In summary, this study created 300 video clips based on the above factors, with a storage format of mp4. An example of the video dataset is shown in Figure 1.

Establishing a Movie and Television Music Video Dataset: The affective model in this study aims to predict the level of affective matching between input audio and video. Therefore, based on the music and video datasets mentioned earlier, further work is needed to create music–video matching pairs by combining music and video visuals. Considering audiovisual quality, 980 music–video material combinations were selected for subsequent experiments, with 880 designated for the training set and the remaining 100 for testing.

3.1.2. Affective Data Annotation

Subjective affect annotation experiments on the materials can study the emotions conveyed by different music and videos, quantifying affect using relevant evaluation metrics. The purpose of this experiment is to capture human subjective feelings towards different audiovisual materials and acquire affect parameters through subjective evaluation methods, laying the foundation for building an affective space. The affect parameters obtained in this section will be used for subsequent model construction, including building models based on CCA feature fusion and constructing an affective space based on factor analysis.

This paper adopts the five-level quantified scoring method of the Likert scale from social science research, combined with Su et al. [66]’s analysis of affective words in images, to determine 17 affect evaluation terms, forming the music–video affect evaluation system shown in Table 2. Additionally, a five-level quantified scoring method is used for annotating multidimensional affect and matching degree, as shown in Table 3.

According to the set of affective words and the scoring method given in the table, four groups of experiments were designed, as follows.

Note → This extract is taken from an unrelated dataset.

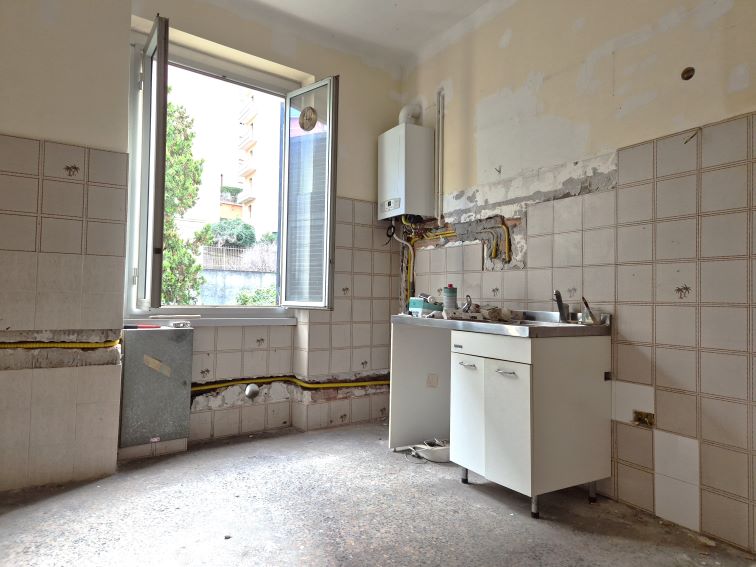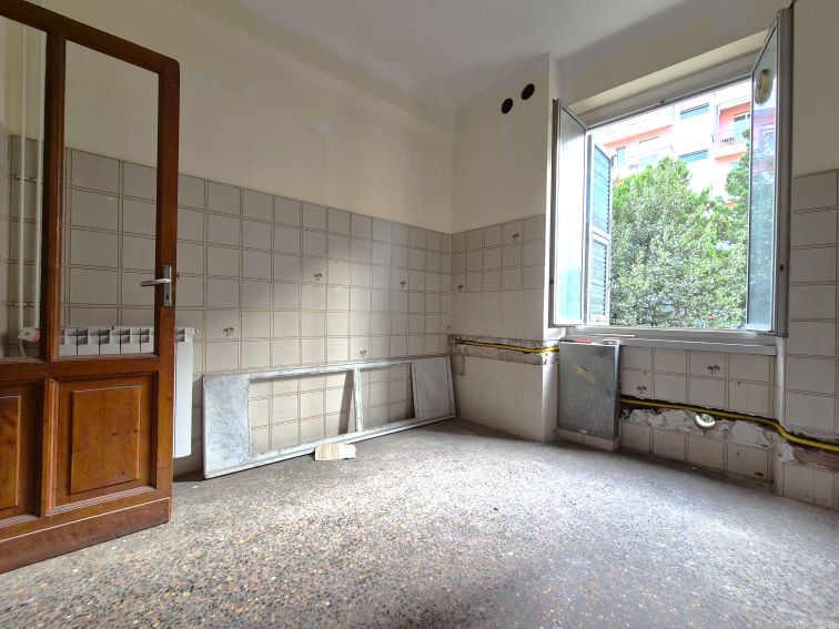QUEZZI – LARGO MERLO – 5 VANI DA RISTRUTTURARE Quezzi, Largo Merlo / Cinquevani. In contesto tranquillo e ben collegato, proponiamo in vendita appartamento di 64 mq posto al quarto piano di uno stabile d’epoca ordinato. L’immobile gode di doppia esposizione angolare, con due lati liberi e affaccio esterno, che garantiscono una buona luminosità agli ambienti. La superficie è così distribuita: ingresso, cucina abitabile, due camere da letto, una terza stanza utilizzabile come soggiorno o studio e bagno. L’appartamento si presenta da ristrutturare, soluzione ideale per chi desidera personalizzare gli spazi interni o per chi è alla ricerca di un interessante investimento immobiliare. Rimangono presenti i pavimenti originali e gli infissi esterni in legno e vetro. Il riscaldamento è a radiatori alimentato a metano ed è presente la fibra ottica. La zona è servita da mezzi pubblici e servizi di prima necessità e risulta comoda ai collegamenti con il centro città, rendendo l’immobile adatto sia come abitazione principale sia come soluzione da mettere a reddito.

Multidimensional affective annotation of video materials only: Participants are required to watch silent video clips in random order and use the affective evaluation system composed of multidimensional evaluation words to quantitatively describe the different dimensions of emotions in the video.
Multidimensional affective annotation of music materials only: Participants are required to listen to music material in random order and quantitatively describe the different dimensions of emotions in the music using the affective evaluation system composed of multidimensional evaluation words.
Multidimensional affective annotation of music–video material combinations: Participants were required to watch video clips with music in random order, and the affective evaluation system composed of multidimensional evaluation words was used to quantify the different dimensions of the combined emotion.
Annotate the affective matching degree of music–video material combinations: Participants are required to watch video materials with music in random order and describe the degree of audiovisual affective matching for each combination of materials.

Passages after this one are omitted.